In recent years, with the rapid development of computer vision and deep learning technologies, video surveillance systems have been widely deployed in fields such as public safety, industrial production, and traffic management [1]. These systems generate massive volumes of video data on a daily basis, rendering the efficient extraction of anomalous behaviors a critical challenge in intelligent surveillance. Traditional video anomaly detection methods primarily depend on handcrafted feature extraction and rule-based discriminative models, which often struggle to maintain consistent detection performance amidst complex scene variations and vast datasets. Recently, deep learning-based approaches have become mainstream, and the introduction of Transformer architectures has demonstrated significant advantages in modeling long-term dependencies and integrating global information [2]. Nonetheless, effectively capturing long-range dependencies between video frames and incorporating a global temporal attention mechanism to enhance detection accuracy remains a significant research challenge.

In the context of video anomaly detection, anomalies typically refer to behaviors that are rare or deviate from conventional patterns in specific scenarios, such as sudden running within a crowd, vehicles moving in the wrong direction in normal traffic, or equipment failures on industrial production lines.
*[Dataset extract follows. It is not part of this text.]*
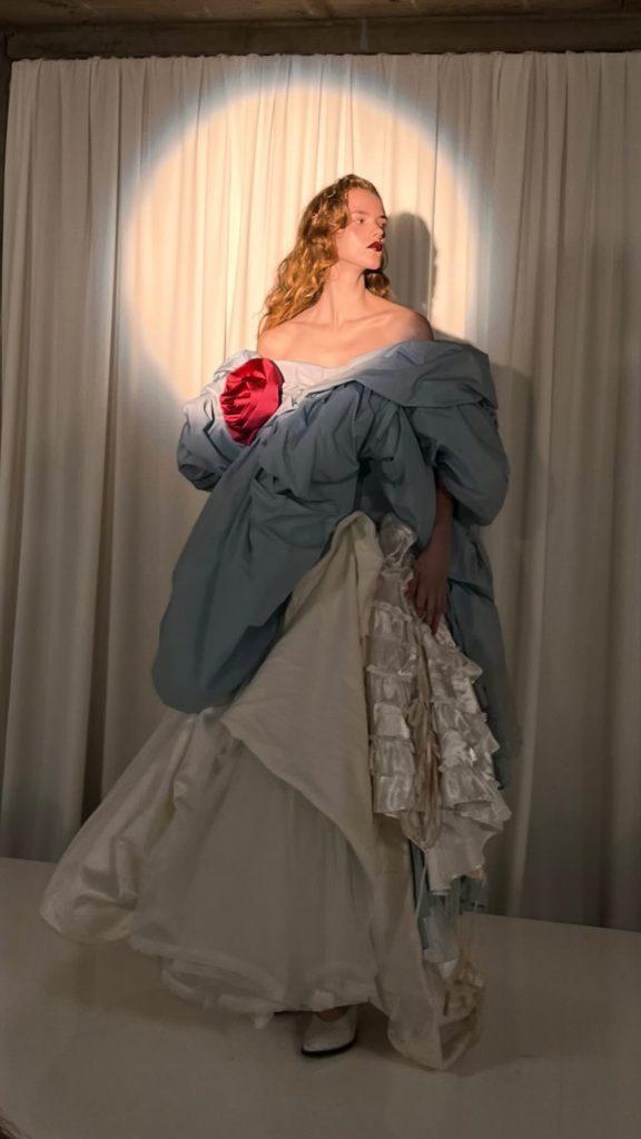I contrasti dominano questa stagione e si accentuano: abiti fluidi e drappeggiati si contendono la scena con con crinoline rigide, a volte lasciate a vista, creando una tensione sottile tra struttura e movimento, tra opacità e trasparenza. Persino il make-up evoca una grandiosità settecentesca. Dietro tutti questi sfarzi e dettagli stilistici, il casting riesce comunque ad attirare l’attenzione: la presenza di Nicky Doll conferma l’energia inclusiva e giocosa, riflettendo la volontà del brand di promuovere un’inclusività più che mai d’attualità nella moda contemporanea.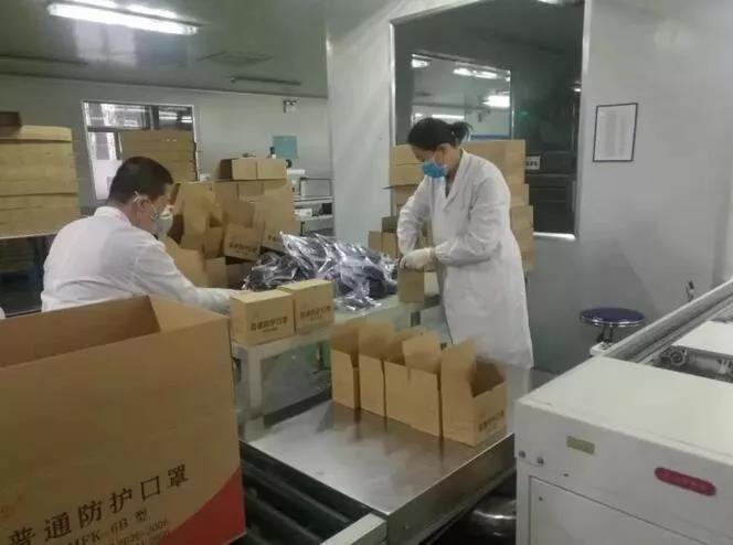 推動口罩包裝流水線作業(yè),防護(hù)口罩日產(chǎn)量達(dá)7萬只

Due to the often transient and localized nature of anomalous events, coupled with a general lack of clear prior information, anomaly detection is inherently more complex than traditional classification or object detection tasks. Compared with conventional methods based on convolutional neural networks (CNNs) or recurrent neural networks (RNNs), Transformer modes, owing to their self-attention mechanism, possess the capability of modeling long-range dependencies on a global scale and capturing intricate temporal dynamics. Consequently, leveraging the robust modeling capabilities of Transformers in conjunction with a global temporal attention mechanism to improve the robustness and accuracy of video anomaly detection represents a promising direction for further research [3].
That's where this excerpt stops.